We are not the type of family that works out everything out in advance. Take the case of Aidan's and Lydia's pre-school. When we moved to Lido we did not have a new school lined up for them. Yang did some initial research and didn't find a school to our liking. Either not local hire friendly (read expensive, unless you have a fat expat packages) or too local. For a few weeks Yang drove the kids to their Chaoyangmen Wai school called Sanliturn kindergarten. The 30-60 minute drive each way was far from perfect.
One day a few weeks back the kids came home with class pictures. I took Lydia aside and ask her to point out her friends. She pointed to five or six kids, a mix of boys and girls. I asked if any mean kids in her class and she pointed at one boy. I then asked Aidan the same question. He pointed to three girls and called them friends. He said none of the boys like him, that they hit him. I asked him for the mean boys and he pointed to a couple of them.
Aidan gets picked on for being small and being nice. Truth be told he is much smaller than the other kids his age and he is much nicer than the other kids his age. To deal with people calling him small, he's been saying wo shi zhongguoren meiguoren 我是中国人美国人"I'm Chinese and American" as if this explains everything.
Then almost as if it was a plan, Yang found a new "international" kindergarten a five minute walk away. I put international in quotes because it isn't the 20K USD school geared towards expats with an education allowance. The school is international in the sense that they accept international students, in Lydia's class there is one other international student but the teacher could not remember what country the boy is from. The school also has dedicated Korean classes serving the Korean expat community. When I visited the school with Yang, the facilities seemed good, the teachers nice, the classrooms an appropriate size. The only problem was Lydia looked to be too mature for the kids in her class and Aidan looked to be too small for his class. The boys in his class looked like giants, as if they've been held back several years with the express purpose of teasing him.
Yang and Aidan said good-bye to their old school.
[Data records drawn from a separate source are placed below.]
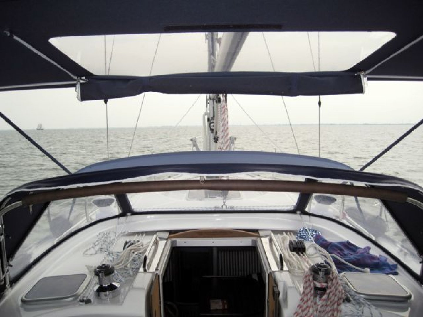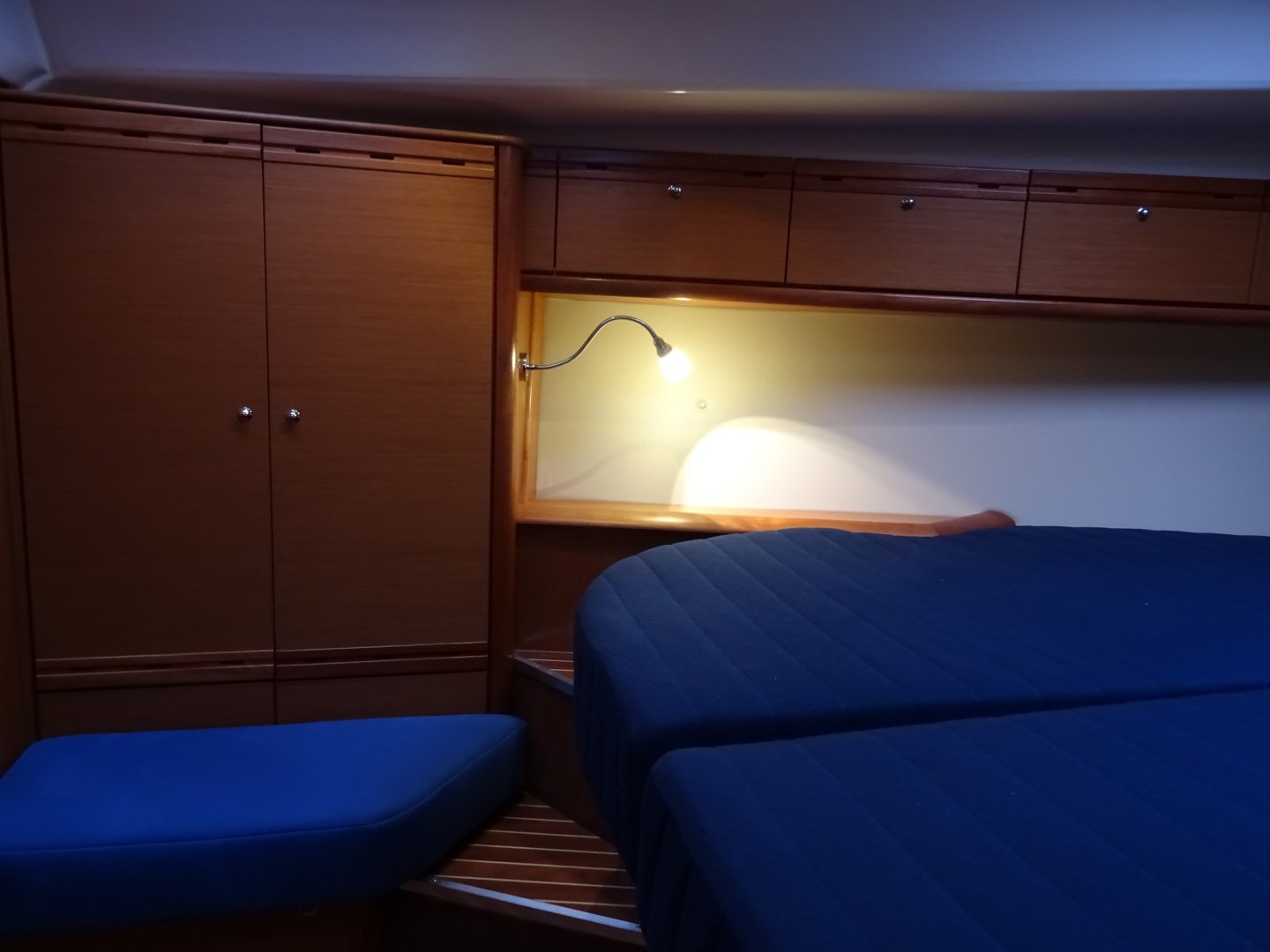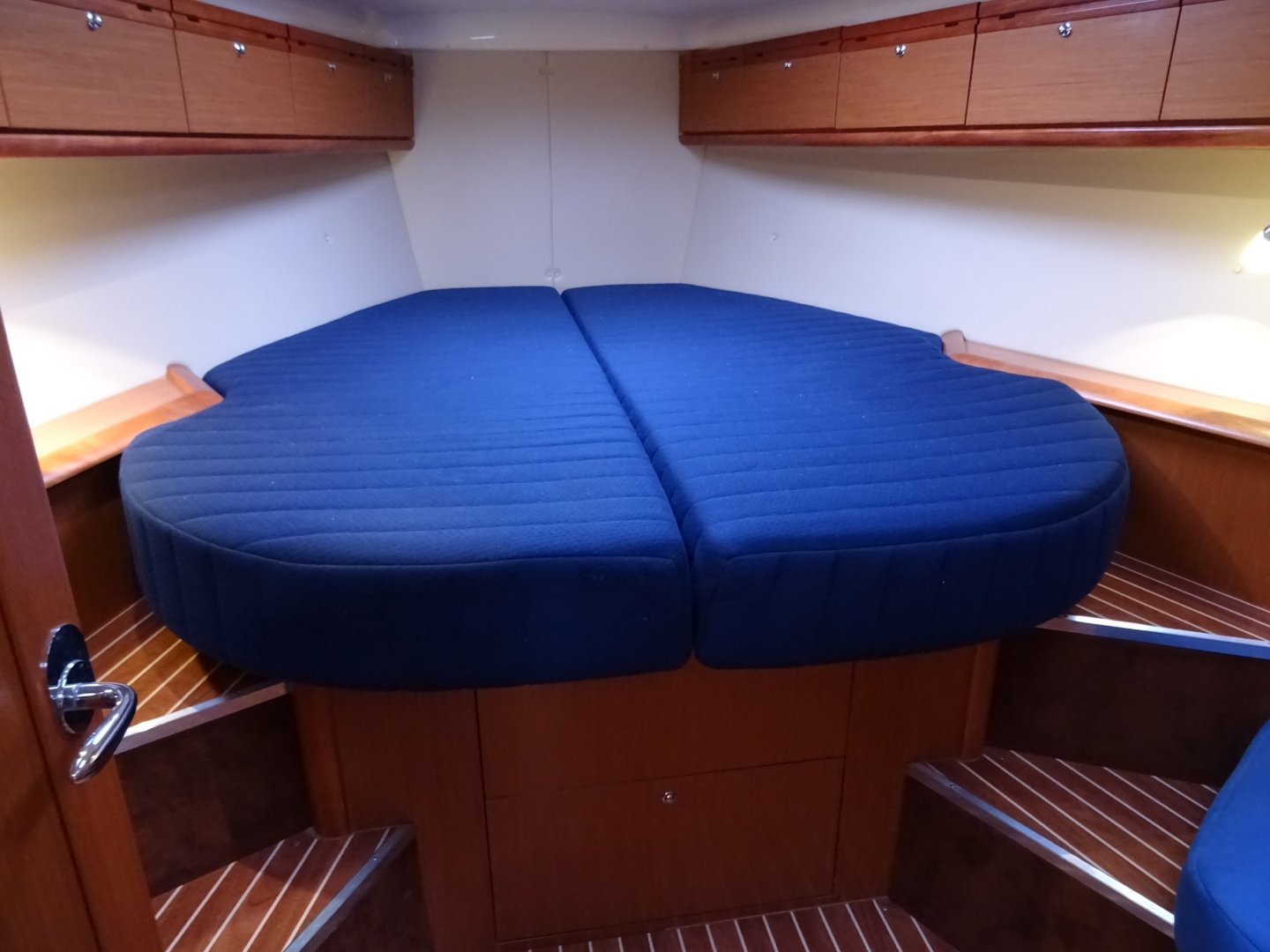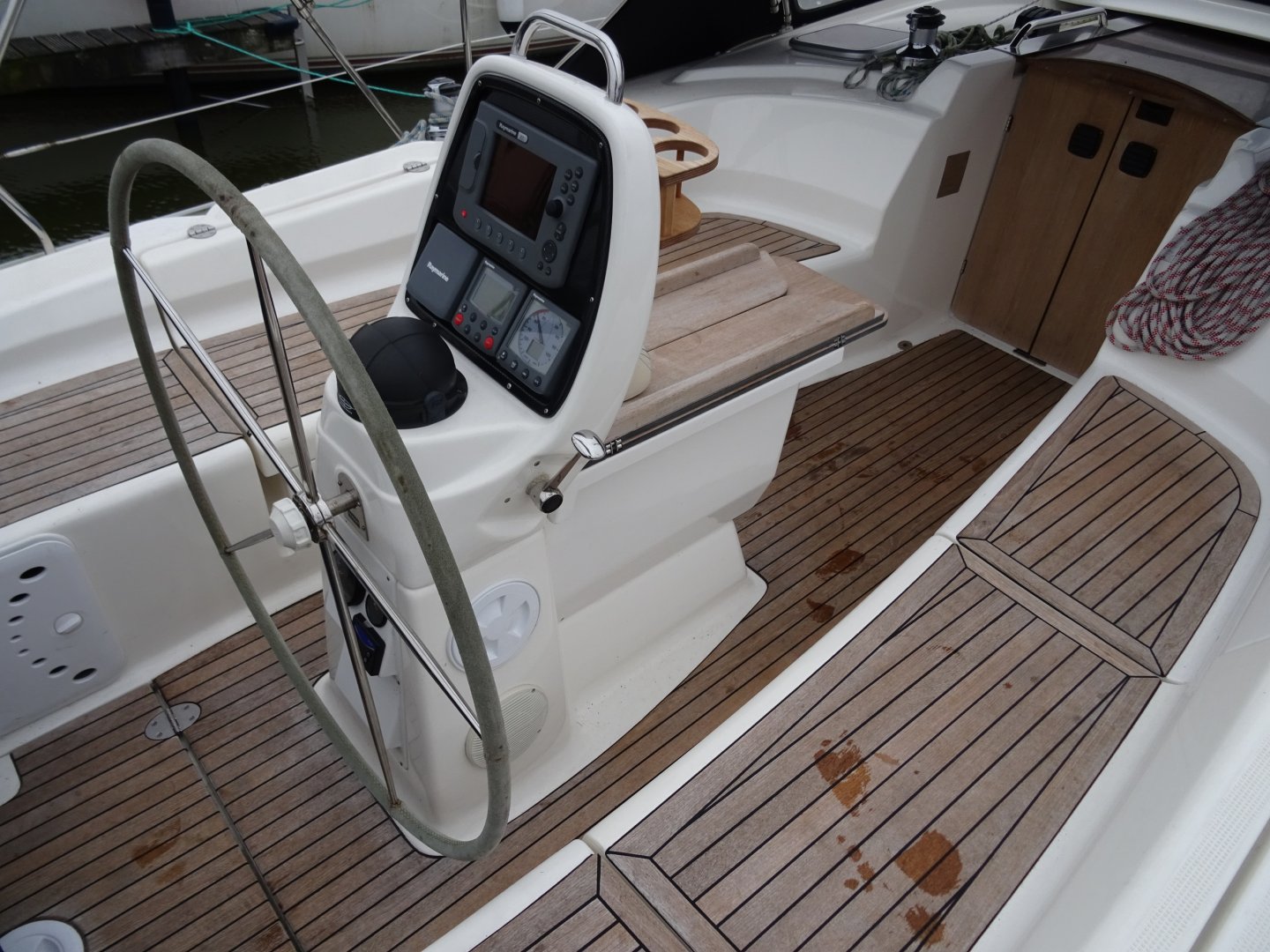 Reserve schroeven, dubbelzijdige cabriotent, fenderkorfen in railing, trappen in railing, buitendouche.
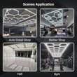 Adaugă un plus de luminozitate și stil spațiului tău cu acest Hexagon Luminos LED de 672W. Cu un design modern și eficient, acest corp de iluminat este ideal pentru garaje, service-uri auto, showroom-uri și diverse spații comerciale, cum ar fi saloanele de înfrumusețare și frizeriile, unde este necesară o iluminare intensă și uniformă.
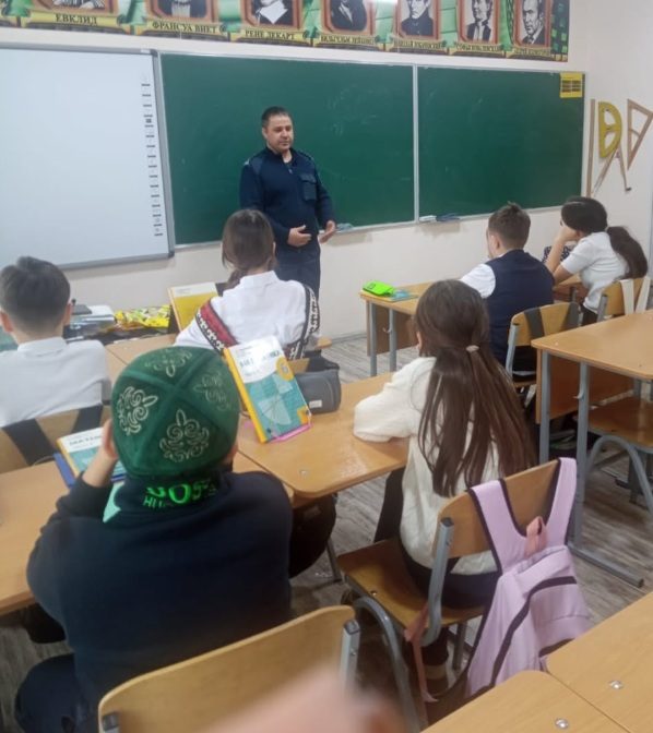 Сегодня 16 марта 2026 года в КГУ”Школа-гимназия №1 г.Щучинск” прошла очередная встреча учащихся с участковым инспектором по делам несовершеннолетних ,лейтенантом полиции Савиновым В.К.
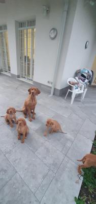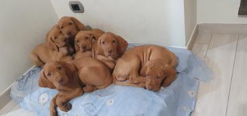 Cucciolata di Bracco Ungherese Vizsla nata il 5 febbraio - ancora qualche cucciolo disponibile i cuccioli verranno venduti con vaccinazione allineata all'età, sverminazione, microchip, iscrizione all'anagrafe canina e denuncia presso l'enci di Modena per l'ottenimento del pedigree Entrambi i genitori hanno il pedigree Il carattere di questa razza e molto socievole ed è fortemente attaccato al padrone, deve fare del movimento quotidianamente- non ama stare rinchiuso in un box o solo in giardino tutto il giorno
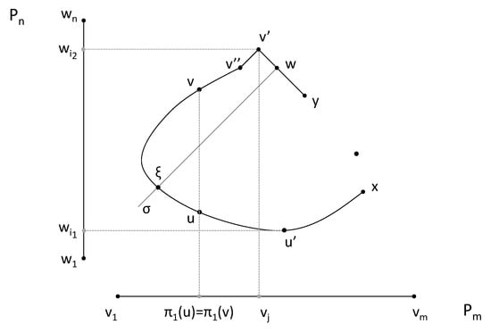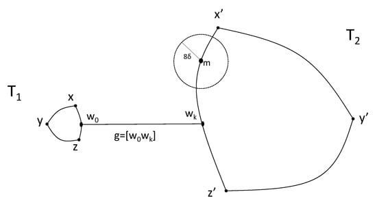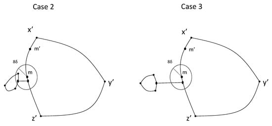 Finally, assume that . Let us consider such that . Thus, . To finish the proof, it suffices to prove that . Seeking for a contradiction, assume that . By Theorems 6 and 7, there is a geodesic triangle and with . Then, . Let (respectively, ) be the closest vertex to x (respectively, y) in , and consider a vertex in such that . Note that implies that . Since , we have and, consequently, is a geodesic in . Since is a path in joining and , there exists a vertex such that and . Therefore, and, consequently, , leading to contradiction. □
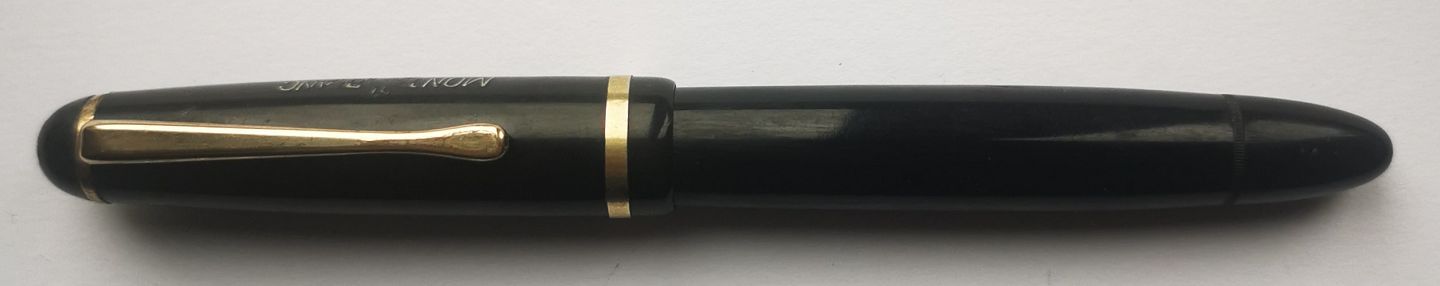 Sort Montblanc no. 344G fyldepen fra 1950´erne. Fremstår i god stand. Ingen skader eller reparationer. Montblanc indprintet på hætten. Modelnummer på bundskruen. Piston blæk-påfylder. Fungerer fint. Montblanc 14 karat guldspids. Klar til at blive brugt. 13 cm lang.
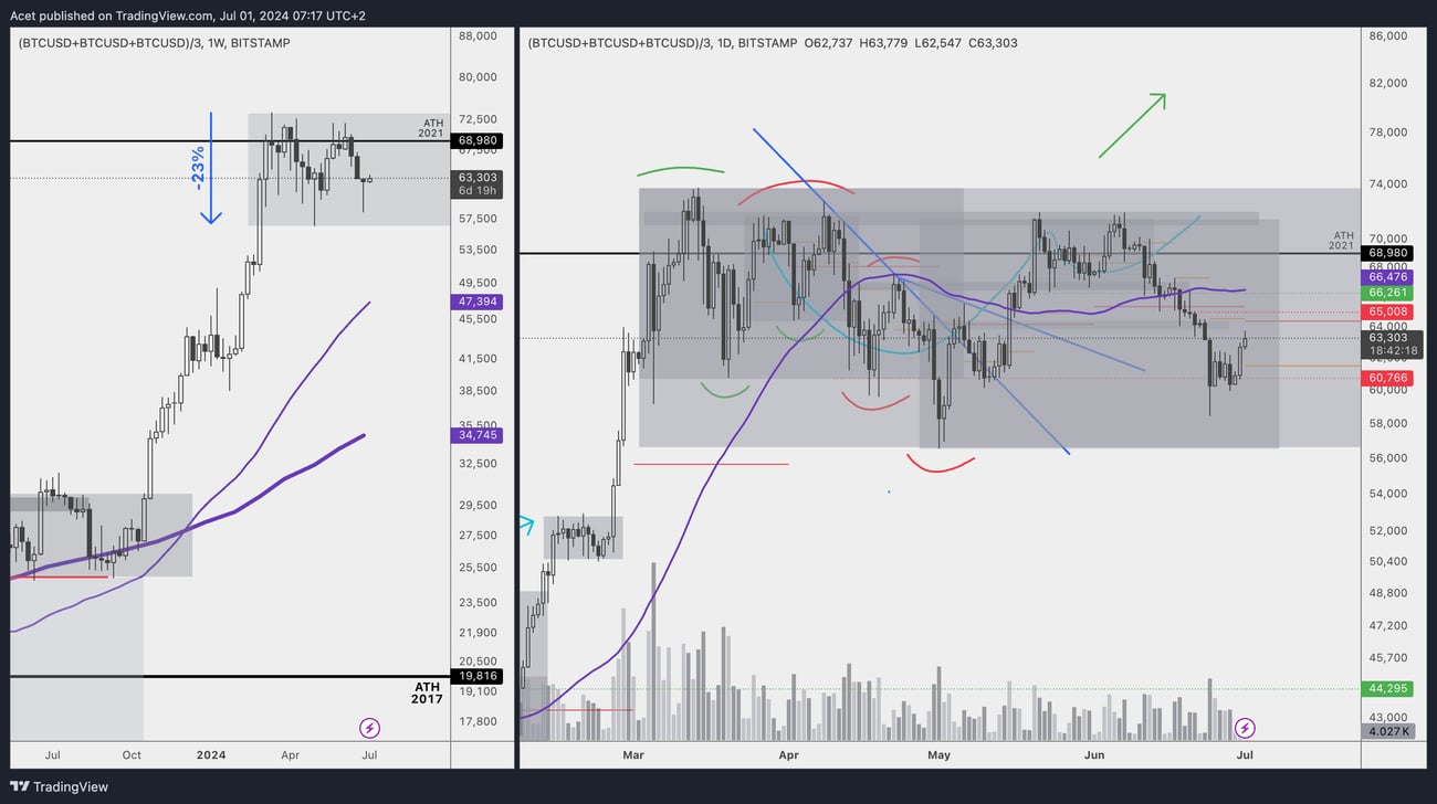 BTCUSD a finalement clôturé sa semaine précédente d'une belle bougie d'impulsion : une grande mèche, mais un petit corps, signe que le prix est descendu fortement avant de remonter tout aussi fortement. On remarque en journalier que cela ne fut pas aussi soudain. Le prix a consolidé et a finalement délivré une impulsion dimanche dernier. Nous continuons d'évoluer sous la MM50, dans une immense consolidation de 4 mois.
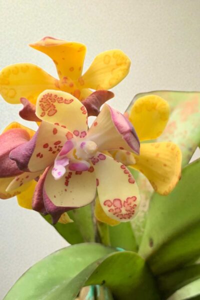 Vandopsis gigantea is a striking monopodial orchid prized for its bold foliage and large, long-lasting flowers. This plant is offered at near blooming size, making it an excellent choice for collectors who want impressive results without the long wait.
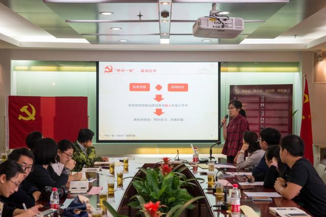 组织生活由宣传部党支部书记虞晨洁主持。她谈到,“两学一做”学习教育是继党的群众路线教育实践活动、“三严三实”专题教育之后,深化党内教育的又一次重要实践,是推动党内教育从“关键少数”向广大党员拓展、从集中性教育向经常性教育延伸的重要举措。根据中央相关文件要求和学校“两学一做”学习教育的统一部署,宣传部党支部结合部门党建工作实际,着重从“学”“做”“评”三方面重点推进相关学习教育,并积极探索专题组织生活建设等内容,进一步强化支部战斗堡垒作用。她认为,作为一名机关党员,不仅要以身作则,将“两学一做”落细落实,更要与岗位工作有机结合,立足本职,发挥党员先锋模范作用,努力做出机关党员应有的担当,起表率榜样作用。
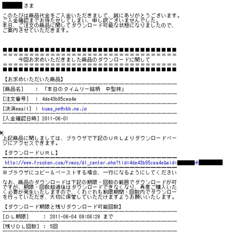 お支払いが終了すると、ダウンロードの情報が記載されたメールが届きます。メールに記載されている商品内容をご確認下さい。
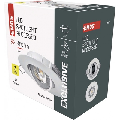 EMOS LED bodové svítidlo Exclusive bílé 5W, neutrální bílá (1540115570)Moderní a flexibilní řešení pro každý interiérVestavné bodové LED svítidlo EMOS Exclusive je ideální volbou pro ty, kteří hledají úsporné, dlouhodobě spolehlivé a designově čisté osvětlení do...
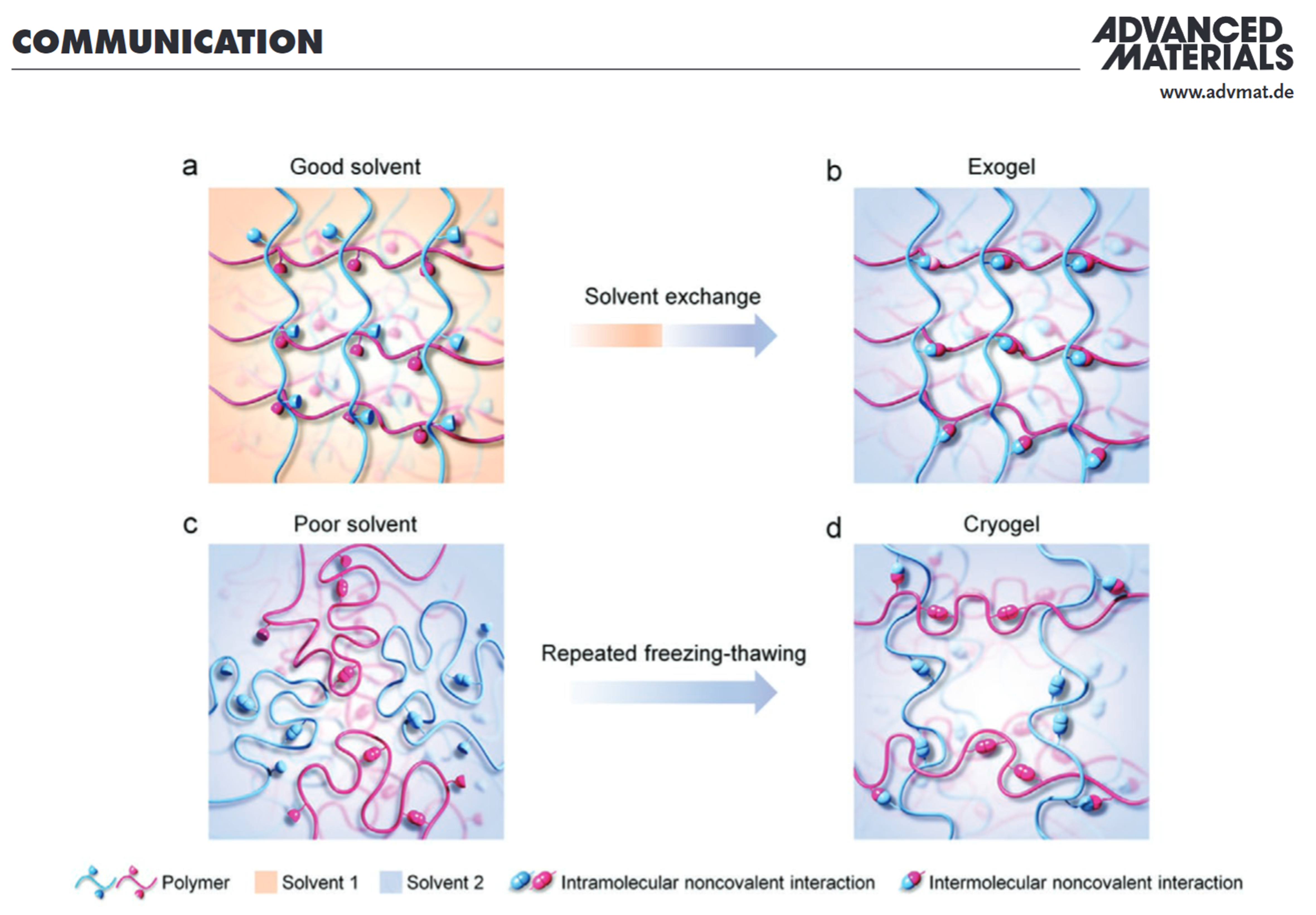 (2) L. Xu, S. Gao, Q. Guo, C. Wang, Y. Qiao*, D. Qiu*, A solvent-exchange strategy to regulate noncovalent interactions for strong and antiswelling hydrogels, Adv. Mater., 2020, 32, 2004579. [Back Cover] [Highlighted by Materials Views China]
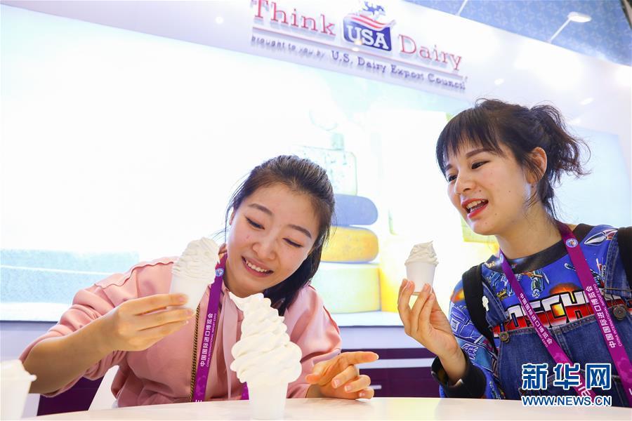 11月7日,兩位參觀者在進(jìn)博會食品及農(nóng)產(chǎn)品展區(qū)美國乳品出口協(xié)會展臺品嘗冰激凌。 新華社記者 劉大偉 攝

Everyone missing them, especially the teachers who said they were extremely well behaved. To which I thought, "Lydia?".
Lydia with her closet friends at Sanliturn
After a couple of days in they new school I asked Aidan and Lydia how they liked it. Both said it was good. I asked if they had made friends, both said yes. I asked if there were any mean kids, both said no. Aidan said both the boys and the girls like him at this school. I think maybe he will fit in more often in the new school and that would be a nice thing. A nice thing for sure.